Episode 16: Introducing Introductions

It was the best of lines, it was the worst of lines. If it’s the introductory sentence, it needs to be an engaging line, at least. First, let me say that the introductory sentence does not have to be in a particular style. What I mean is that something simple can be just as useful as something complex. If it’s fiction, for example, this line could certainly work:

He waited on the shore.

Why is he on the shore? What or whom is he waiting for? Who is he? The point is that there’s tension in that line that needs resolution. It’s certainly not complicated, but it gets the job done. On the other hand, an introductory sentence like this could have an impact as well:

Jacob Ester knew that by the time his father got home, the cornfield needed to show progress.

This one is a bit more complex with more information, but the reader can expect a challenge and can wonder if Jacob will finish his task. Either way, an effective introductory sentence, whether in nonfiction or fiction, needs to make an impact on the reader. Let’s take a look first at what you can do in fiction.

Conflict: Fiction is about conflict resolution (more about this next week). One of the best ways to capture the reader’s attention is by introducing the conflict in the first line. You don’t have to state the exact issue at hand, but as you can see with the examples (or even with the line I parodied from A Tale of Two Cities), hinting at the conflict from the onset causes engagement.

Theme: This one can be a bit trickier, but I would recommend introducing your theme (what you as a writer are saying with your story) as quickly as you can. Be subtle, but even in the second example above, there’s a hint of what the story will be about (the power of a father-son relationship). This may mean finishing the first draft of the story and reworking the first sentence once you know the theme, but there’s no shame in that.

Wit: I am definitely a simple-is-better advocate, but there is no one way that is “right” for story intros. Play around with multiple versions of the sentence, try them out with reviewers, and see which one works the best.
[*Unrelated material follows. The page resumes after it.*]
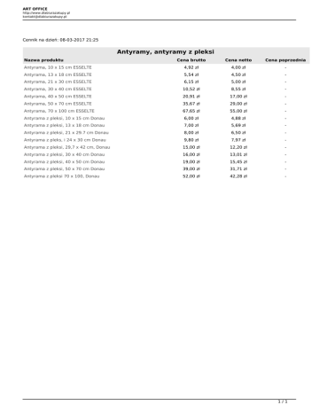 ART OFFICE http://www.dlabiurazakupy.pl [email protected] Cennik na dzień: 08-03-2017 21:25 Antyramy, antyramy z pleksi Nazwa produktu Cena brutto Cena netto Cena poprzednia Antyrama, 10 x 15 cm ESSELTE 4,92 zł 4,00 zł - Antyrama, 13 x 18 cm ESSELTE 5,54 zł 4,50 zł - Antyrama, 21 x 30 cm ESSELTE 6,15 zł 5,00 zł - Antyrama, 30 x 40 cm ESSELTE 10,52 zł 8,55 zł - Antyrama, 40 x 50 cm ESSELTE 20,91 zł 17,00 zł - Antyrama, 50 x 70 cm ESSELTE 35,67 zł 29,00 zł - Antyrama, 70 x 100 cm ESSELTE 67,65 zł 55,00 zł - Antyrama z pleksi, 10 x 15 cm Donau 6,00 zł 4,88 zł - Antyrama z pleksi, 13 x 18 cm Donau 7,00 zł 5,69 zł - Antyrama z pleksi, 21 x 29.7 cm Donau 8,00 zł 6,50 zł - Antyrama z pleks, i 24 x 30 cm Donau 9,80 zł 7,97 zł - Antyrama z pleksi, 29,7 x 42 cm, Donau 15,00 zł 12,20 zł - Antyrama z pleksi, 30 x 40 cm Donau 16,00 zł 13,01 zł - Antyrama z pleksi, 40 x 50 cm Donau 19,00 zł 15,45 zł - Antyrama z pleksi, 50 x 70 cm Donau 39,00 zł 31,71 zł - Antyrama z pleksi 70 x 100, Donau 52,00 zł 42,28 zł - 1/1 Powered by TCPDF (www.tcpdf.org)

Nonfiction is not so dissimilar. You are still introducing a conflict (what the reader needs to know but doesn’t yet or perhaps even a disagreement of opinions for a news story); you are still presenting your theme early on; and you are still trying out various ways to start the article, paper, or essay. Now, certain types of writing have conventions (journal articles have abstracts, for example), but an excellent introductory sentence is still important for getting the reader to actually read. Nonfiction does not mean non-creativity.

What are some of your favorite introductory sentences? Leave them in the comments and tell us why you like them.


One thought on “Episode 16: Introducing Introductions

  1. “It was a bright cold day in April, and the clocks were striking thirteen.” The opening sentence of George Orwell’s _1984_ instantly hooks the reader by presenting a simple yet jarring anomaly from our everyday experience.

    In _Plot_, Ansen Dibell suggests always beginning stories _in medias res_ and postponing background exposition for several paragraphs/pages (depending on the length of your story). Thus, the opening is much more likely to present a conflict that will draw the reader in, informing them of the details only after they’re hooked.